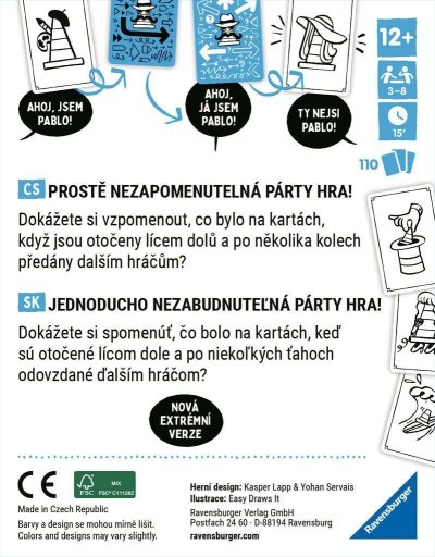 Zahrajte si túto neopakovateľnú hru plnú blufovania so svojou rodinou a priateľmi ešte dnes a užijete si veľa zábavy aj štipku bláznivého chaosu. Jednoduché. Nezabudnuteľné. Zábavné. Úžasné! Princípom hry je, že si navzájom odovzdávate karty a snažíte sa zapamätať, kto má akú kartu práve pred sebou. Pokiaľ presne neviete, ktorá karta je pred vami, musíte presvedčivo blafovať – inak dostanete trestné body. Kto má na konci najmenej trestných bodov, vyhráva! V hre TO (NE)CHCEŠ! Inkognito pri odovzdávaní karty pomenujete kartu tým, že sa predstavíte ako ľubovoľná postava, ktorá vás napadne na základe obrázku na karte. Balenie obsahuje: 110 herných kariet, pravidlá hry
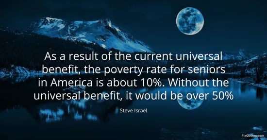 Israel, Steve. (2026, January 17). As a result of the current universal benefit, the poverty rate for seniors in America is about 10%. Without the universal benefit, it would be over 50%. FixQuotes. https://fixquotes.com/quotes/as-a-result-of-the-current-universal-benefit-the-64926/
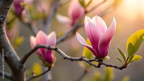 Fototapeta premium Delicate Pink Magnolia Blossoms, Spring Flowers on Curved Branch with Soft Morning Light
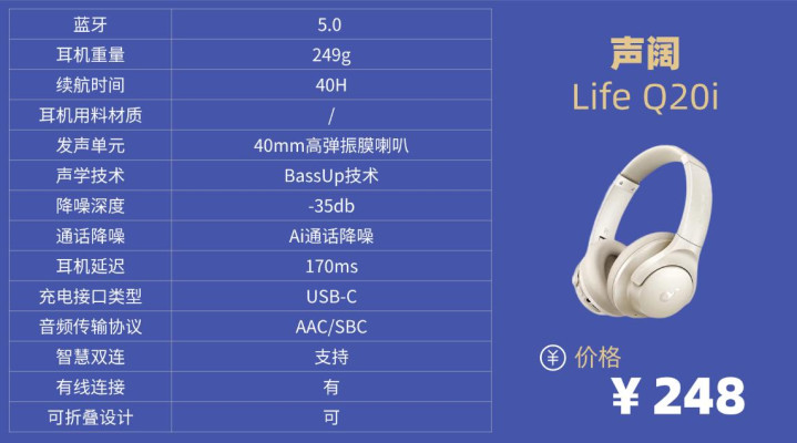 学生党头戴降噪耳机排行榜10强机型5:声 阔Life Q20i头戴式降噪耳机
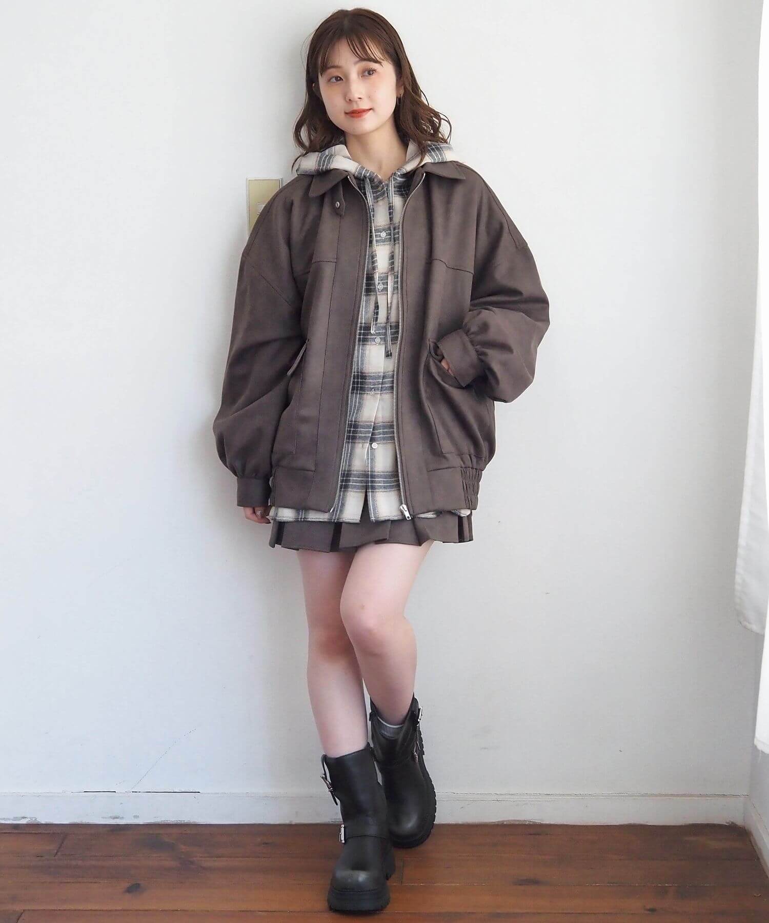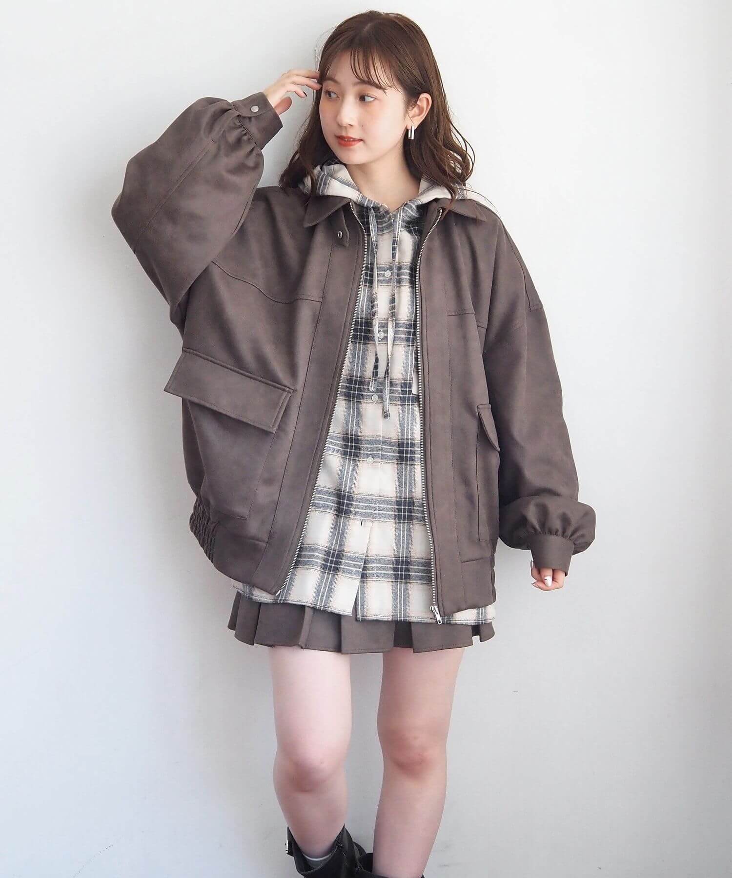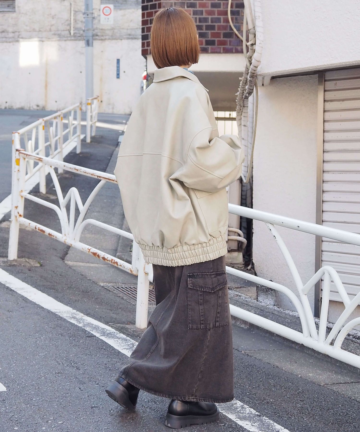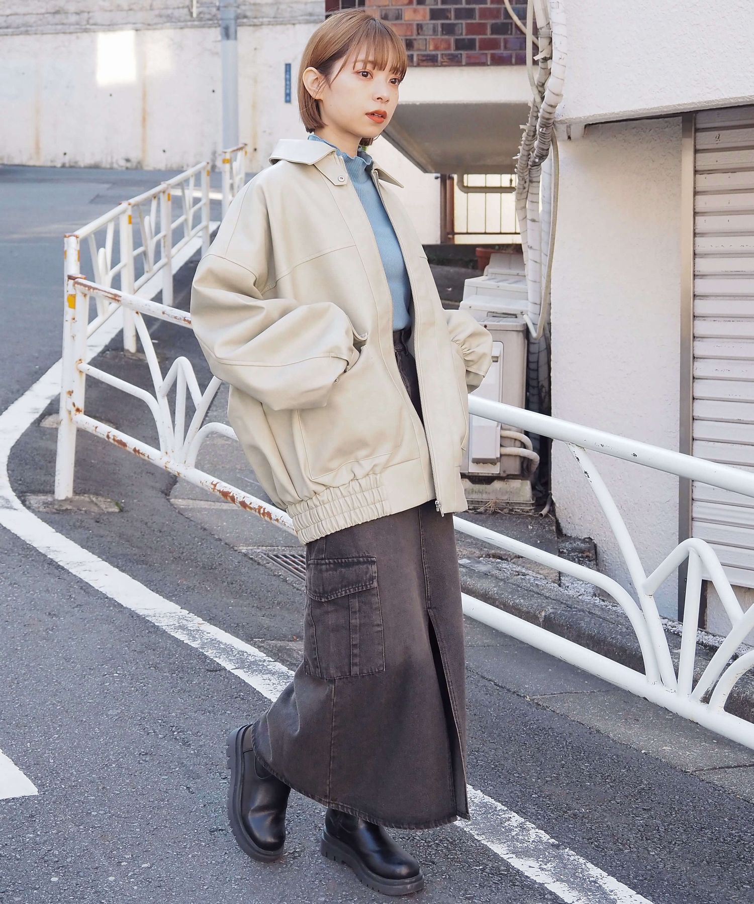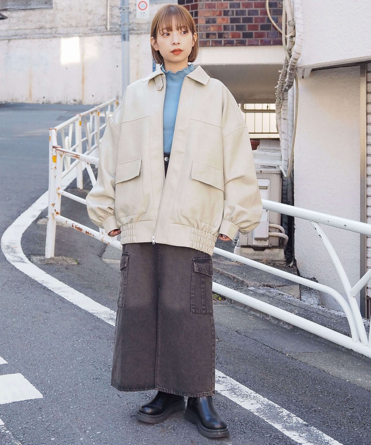 ・メンズライクなストリートスタイルとも相性ばつぐん。ボリューム袖が柔らかく女性らしい雰囲気をプラスします。
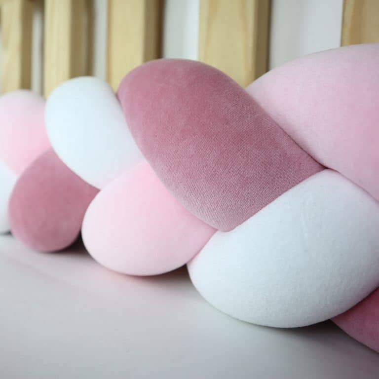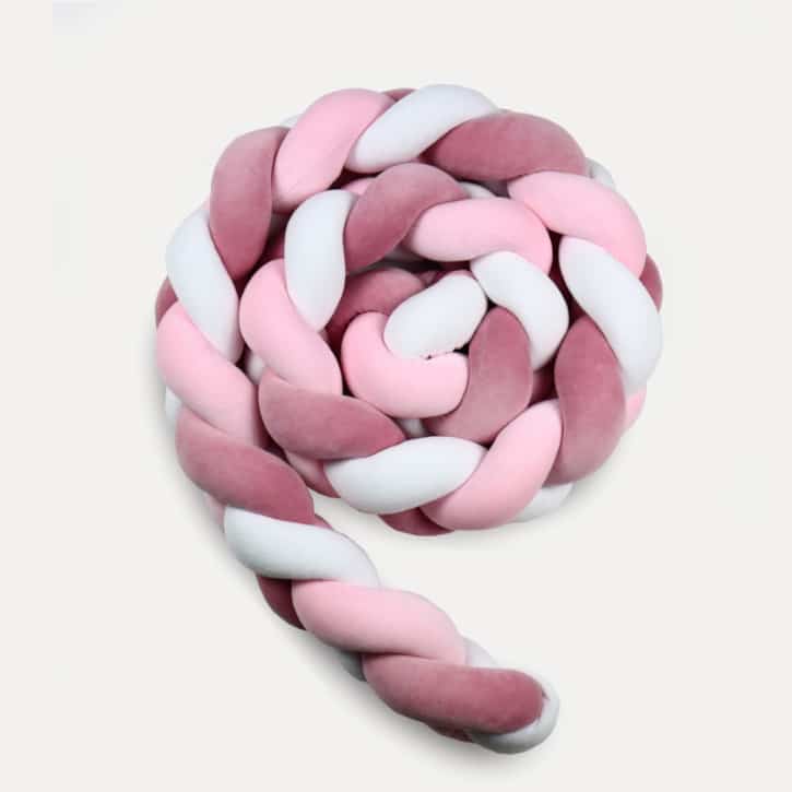 Gevlochten bedbumper – Roze Wit Roze
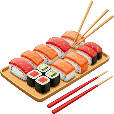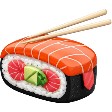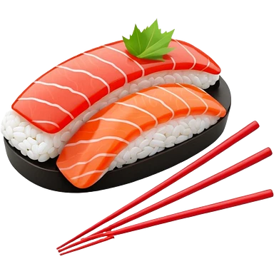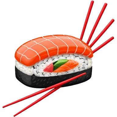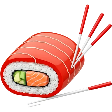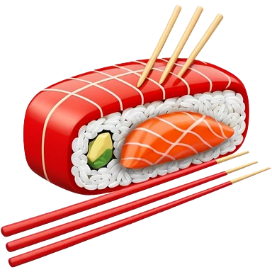 Japanese cuisine humanless avatar in minimalist emoji-style illustration. Sushi and chopsticks, clean lines, red white colors, flat design, calm and modern. emoji

- THE TASK
Exactly the lines from the one with "学生党头戴降噪耳机排行榜10强机型5:声 阔Life Q20i头戴式降噪耳机" through the end of the listing above are to be repeated, with no pictures.

- RESPONSE BOX
 学生党头戴降噪耳机排行榜10强机型5:声 阔Life Q20i头戴式降噪耳机
 ・メンズライクなストリートスタイルとも相性ばつぐん。ボリューム袖が柔らかく女性らしい雰囲気をプラスします。
 Gevlochten bedbumper – Roze Wit Roze
 Japanese cuisine humanless avatar in minimalist emoji-style illustration. Sushi and chopsticks, clean lines, red white colors, flat design, calm and modern. emoji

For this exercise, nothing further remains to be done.